## EXERCISE AIM
Everything below from the line with "Nous sommes ici" through the line with "除了高效的直流充电,最好玩的" should be copied exactly, and nothing else; leave out the pictures.
GIVEN INFORMATION section start
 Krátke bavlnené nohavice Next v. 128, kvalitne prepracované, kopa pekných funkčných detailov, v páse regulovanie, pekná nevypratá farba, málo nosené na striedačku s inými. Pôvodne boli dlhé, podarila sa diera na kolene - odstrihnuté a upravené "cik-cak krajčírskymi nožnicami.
GIVEN INFORMATION section end
GIVEN INFORMATION section start
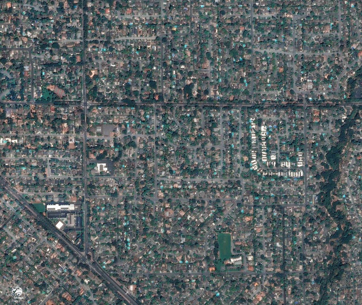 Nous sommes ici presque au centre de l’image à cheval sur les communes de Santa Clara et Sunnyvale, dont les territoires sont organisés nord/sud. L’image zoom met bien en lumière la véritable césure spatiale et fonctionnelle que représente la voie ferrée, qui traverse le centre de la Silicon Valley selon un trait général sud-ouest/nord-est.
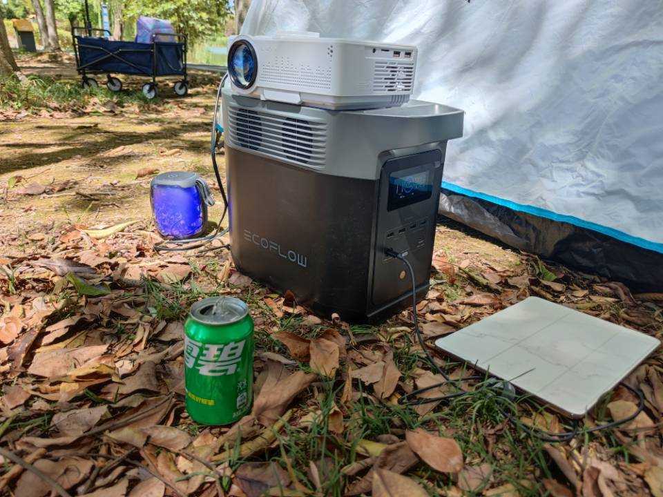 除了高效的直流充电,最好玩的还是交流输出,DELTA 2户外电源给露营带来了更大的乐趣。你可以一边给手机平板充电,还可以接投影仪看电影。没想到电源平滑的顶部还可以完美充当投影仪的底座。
GIVEN INFORMATION section end
## SOLUTION TO THE PROBLEM
 Nous sommes ici presque au centre de l’image à cheval sur les communes de Santa Clara et Sunnyvale, dont les territoires sont organisés nord/sud. L’image zoom met bien en lumière la véritable césure spatiale et fonctionnelle que représente la voie ferrée, qui traverse le centre de la Silicon Valley selon un trait général sud-ouest/nord-est.
 除了高效的直流充电,最好玩的还是交流输出,DELTA 2户外电源给露营带来了更大的乐趣。你可以一边给手机平板充电,还可以接投影仪看电影。没想到电源平滑的顶部还可以完美充当投影仪的底座。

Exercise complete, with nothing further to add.